Un haut responsable du parti communiste, Siddig Youssef, qui participait au rassemblement, a été arrêté, ainsi que d'autres manifestants, selon le correspondant de l'AFP.

La semaine dernière, des étudiants avaient organisé un rassemblement contre la vie chère près de l'université de Khartoum, avant d'être rapidement chassés par la police.

Le 7 janvier, un étudiant a été tué lors d'une manifestation dans la région du Darfour (ouest).  

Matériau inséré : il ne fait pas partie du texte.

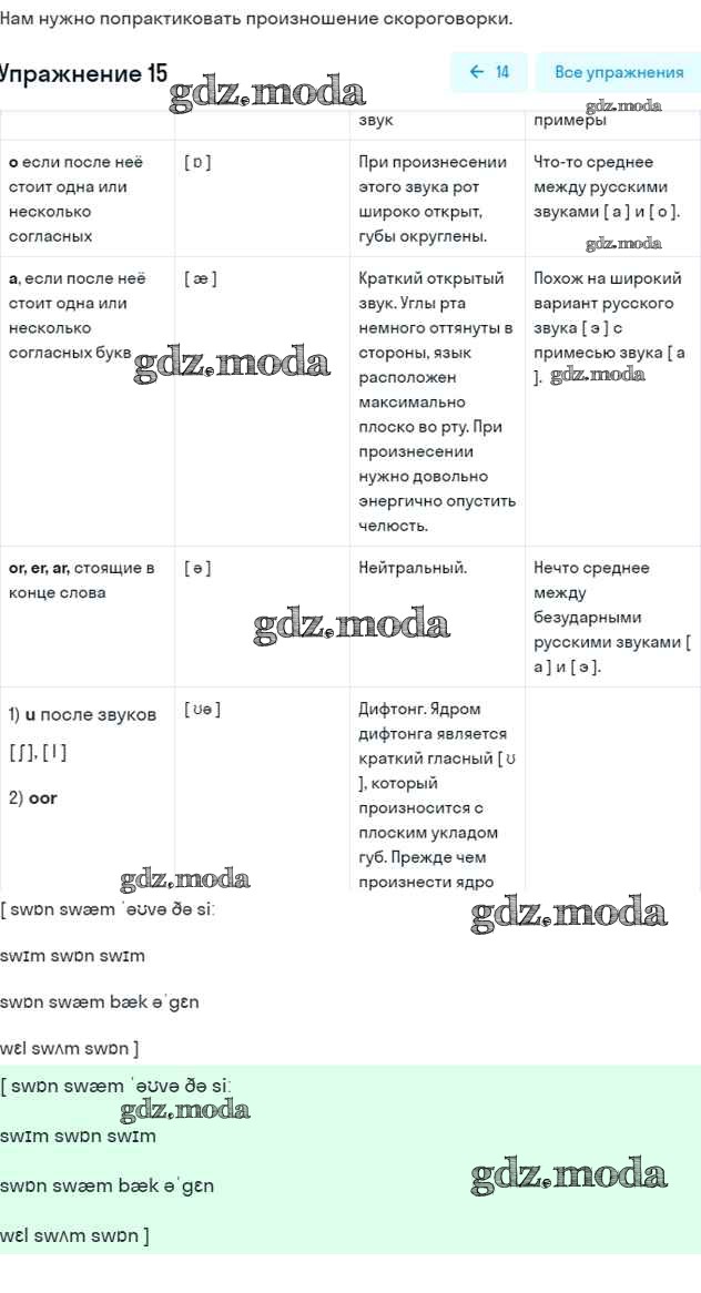 ГДЗ решение к заданию № 15 Английский язык 6 класс рабочая тетрадь Афанасьева (Углубленный курс) Просвещение 2022 Углубленный уровень ФГОС бесплатно на гдз.мода!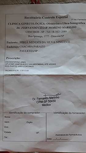 E por essa razão estou aqui, pedindo a ajuda de vocês em nome da minha irmã, pois ela tem que tomar uma injeção por dia, até 45 dias depois do nascimento do bebê. E infelizmente não temos condições de arcar com todas as despesas, pois cada injeção custa 45,00 o que totaliza 1.350,00 por mês.

L'Union européenne a exhorté jeudi le Soudan à autoriser les manifestations contre la flambée des prix, assurant suivre de près la gronde sociale et les arrestations de responsables politiques.  

Le Soudan avait été le théâtre en 2016 d'un mouvement de protestation après la décision des autorités de réduire les subventions sur le carburant, mesure qui avait entraîné une forte hausse des prix.

Le régime avait rapidement réprimé ce mouvement afin de ne pas voir se reproduire les heurts sanglants de 2013, déjà liés à une précédente réduction des subventions sur l'essence, qui avaient fait des dizaines de morts.

Au pouvoir depuis 1989, le président soudanais Omar el-Béchir est sous le coup de deux mandats d'arrêt émis par la Cour pénale internationale (CPI) pour génocide, crimes contre l'humanité et crimes de guerre au Darfour.